+++ SUPPLIED RECORDS

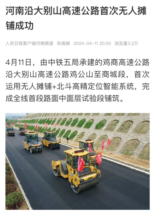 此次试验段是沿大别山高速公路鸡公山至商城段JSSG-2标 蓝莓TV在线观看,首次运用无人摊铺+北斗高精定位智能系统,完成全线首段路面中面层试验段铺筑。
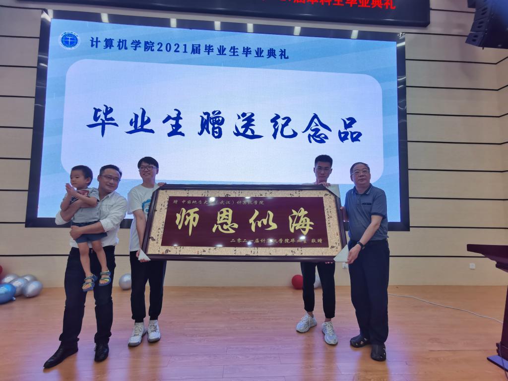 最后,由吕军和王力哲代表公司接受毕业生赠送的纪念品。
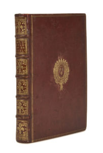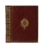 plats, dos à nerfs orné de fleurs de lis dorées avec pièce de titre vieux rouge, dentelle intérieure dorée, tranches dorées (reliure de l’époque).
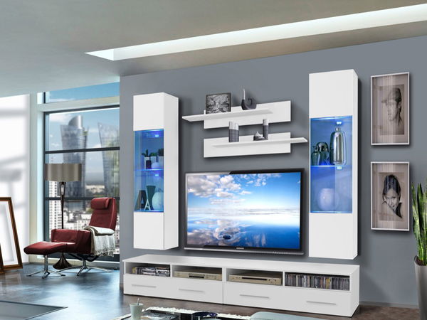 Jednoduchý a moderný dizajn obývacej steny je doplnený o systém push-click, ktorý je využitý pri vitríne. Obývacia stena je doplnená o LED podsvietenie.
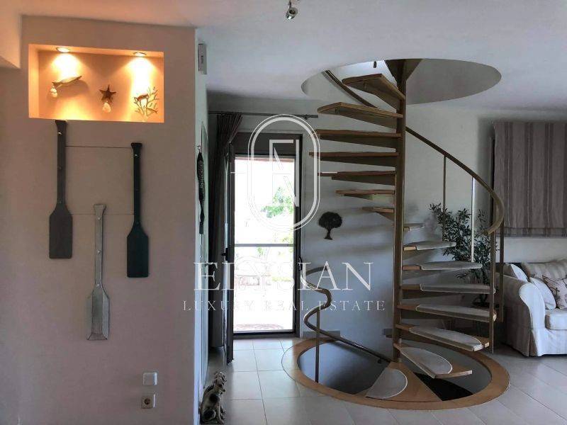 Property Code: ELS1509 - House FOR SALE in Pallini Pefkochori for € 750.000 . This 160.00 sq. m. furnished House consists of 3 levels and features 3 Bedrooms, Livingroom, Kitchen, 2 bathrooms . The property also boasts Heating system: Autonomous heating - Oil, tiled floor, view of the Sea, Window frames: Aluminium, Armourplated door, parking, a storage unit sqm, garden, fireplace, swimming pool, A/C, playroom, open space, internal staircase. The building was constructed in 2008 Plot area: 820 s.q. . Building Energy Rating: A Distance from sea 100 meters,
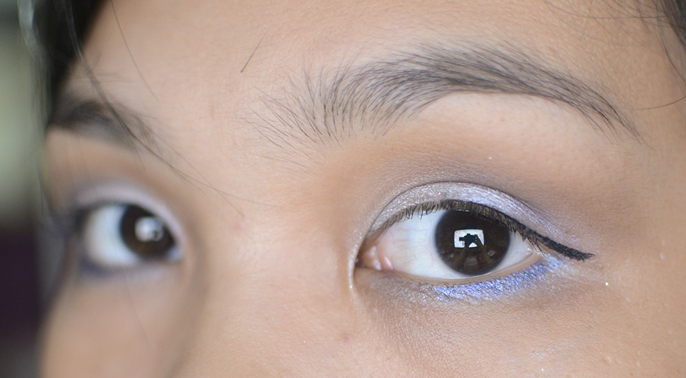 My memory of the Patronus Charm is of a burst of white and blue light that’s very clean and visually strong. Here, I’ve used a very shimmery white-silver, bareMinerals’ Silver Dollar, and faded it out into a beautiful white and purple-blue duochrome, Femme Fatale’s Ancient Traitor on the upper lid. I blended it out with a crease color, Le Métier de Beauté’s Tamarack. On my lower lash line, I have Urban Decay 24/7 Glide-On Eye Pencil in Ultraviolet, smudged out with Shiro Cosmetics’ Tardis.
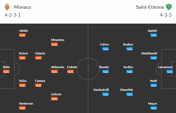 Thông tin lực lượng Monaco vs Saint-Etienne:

++++++

• [WHAT YOU ARE ASKED TO DO]: Your answer must be the lines above from the one holding "最后,由吕军和王力哲代表公司接受毕业生赠送的纪念品。" up to and including the one holding "plats, dos à", exact and with no pictures.

• [OUTPUT]:
 最后,由吕军和王力哲代表公司接受毕业生赠送的纪念品。
 plats, dos à nerfs orné de fleurs de lis dorées avec pièce de titre vieux rouge, dentelle intérieure dorée, tranches dorées (reliure de l’époque).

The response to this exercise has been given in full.